▶ [Material provided]
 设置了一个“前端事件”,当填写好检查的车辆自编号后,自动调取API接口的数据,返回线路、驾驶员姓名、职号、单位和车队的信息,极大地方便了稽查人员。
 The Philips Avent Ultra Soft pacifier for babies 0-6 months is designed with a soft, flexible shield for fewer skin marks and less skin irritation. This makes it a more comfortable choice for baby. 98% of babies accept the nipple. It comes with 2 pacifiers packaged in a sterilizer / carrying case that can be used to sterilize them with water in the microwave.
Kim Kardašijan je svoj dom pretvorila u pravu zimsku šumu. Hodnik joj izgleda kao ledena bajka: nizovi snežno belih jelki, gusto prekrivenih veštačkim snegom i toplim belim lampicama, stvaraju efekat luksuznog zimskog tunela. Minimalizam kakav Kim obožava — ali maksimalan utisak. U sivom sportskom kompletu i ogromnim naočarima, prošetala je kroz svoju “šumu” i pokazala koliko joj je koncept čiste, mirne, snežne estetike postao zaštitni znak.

* * *

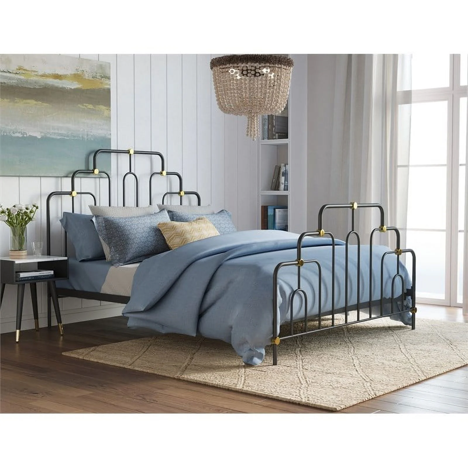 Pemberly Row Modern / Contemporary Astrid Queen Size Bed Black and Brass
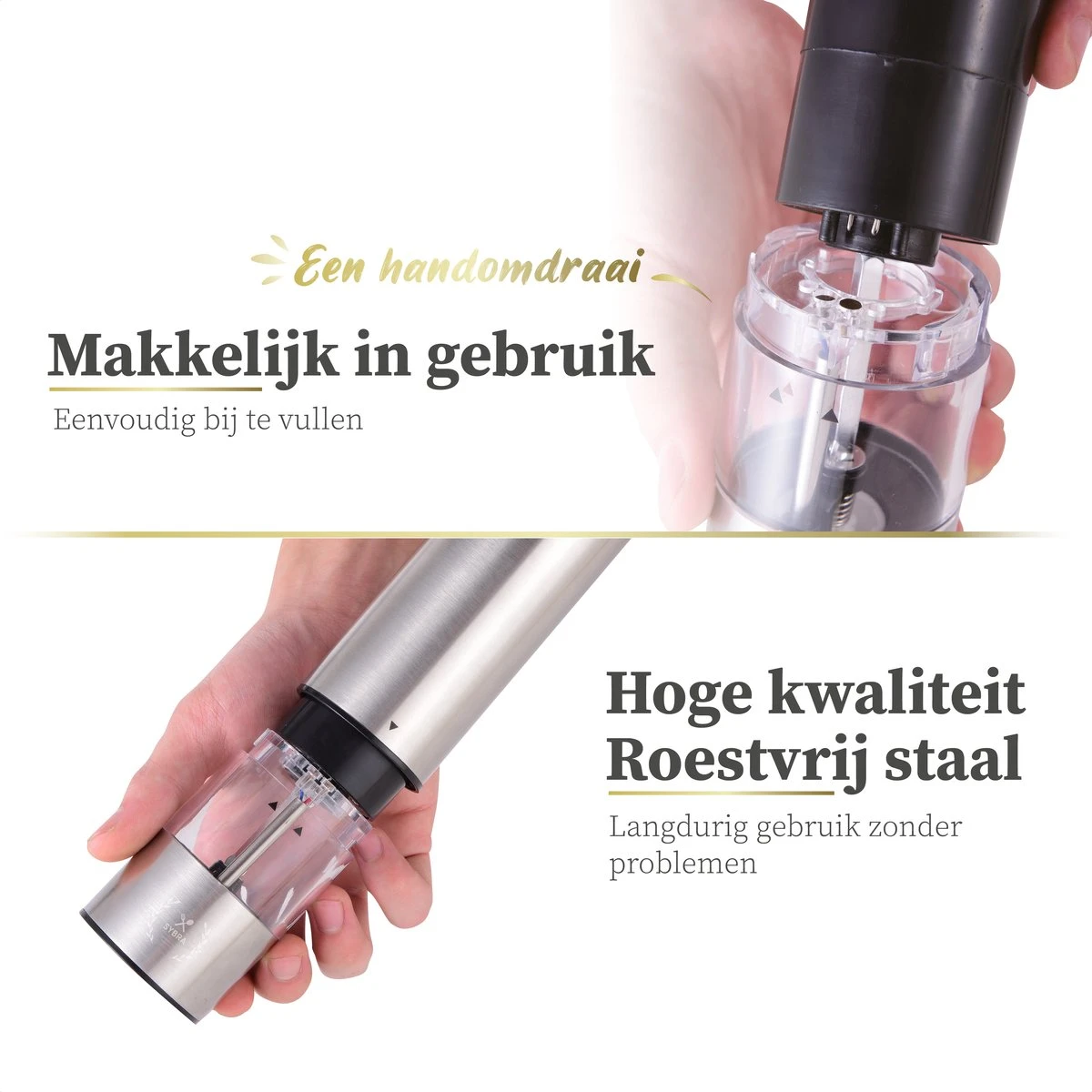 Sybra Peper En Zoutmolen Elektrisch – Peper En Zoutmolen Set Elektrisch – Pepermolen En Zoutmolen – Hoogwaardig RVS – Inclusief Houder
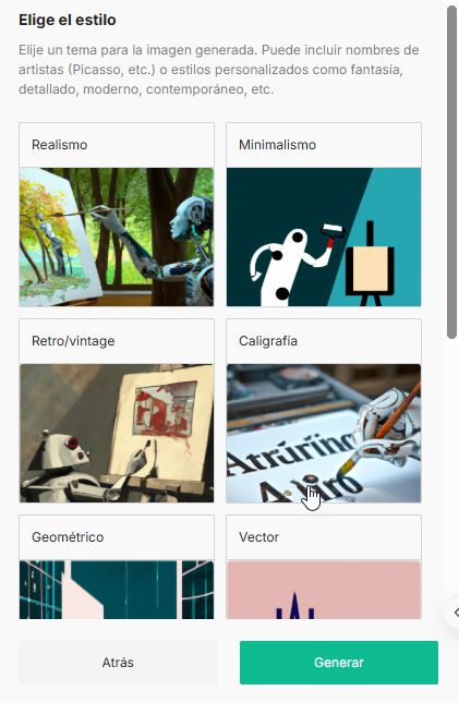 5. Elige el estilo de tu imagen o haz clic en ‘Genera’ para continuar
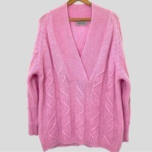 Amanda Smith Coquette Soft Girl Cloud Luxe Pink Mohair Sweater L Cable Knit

▶ [Action item]
Exactly the lines above, from the one containing "Pemberly Row Modern" down to the one containing "Amanda Smith Coquette", are to be repeated, including both ends. Pictures are not part of the copy.

▶ [Expected answer]
 Pemberly Row Modern / Contemporary Astrid Queen Size Bed Black and Brass
 Sybra Peper En Zoutmolen Elektrisch – Peper En Zoutmolen Set Elektrisch – Pepermolen En Zoutmolen – Hoogwaardig RVS – Inclusief Houder
 5. Elige el estilo de tu imagen o haz clic en ‘Genera’ para continuar
 Amanda Smith Coquette Soft Girl Cloud Luxe Pink Mohair Sweater L Cable Knit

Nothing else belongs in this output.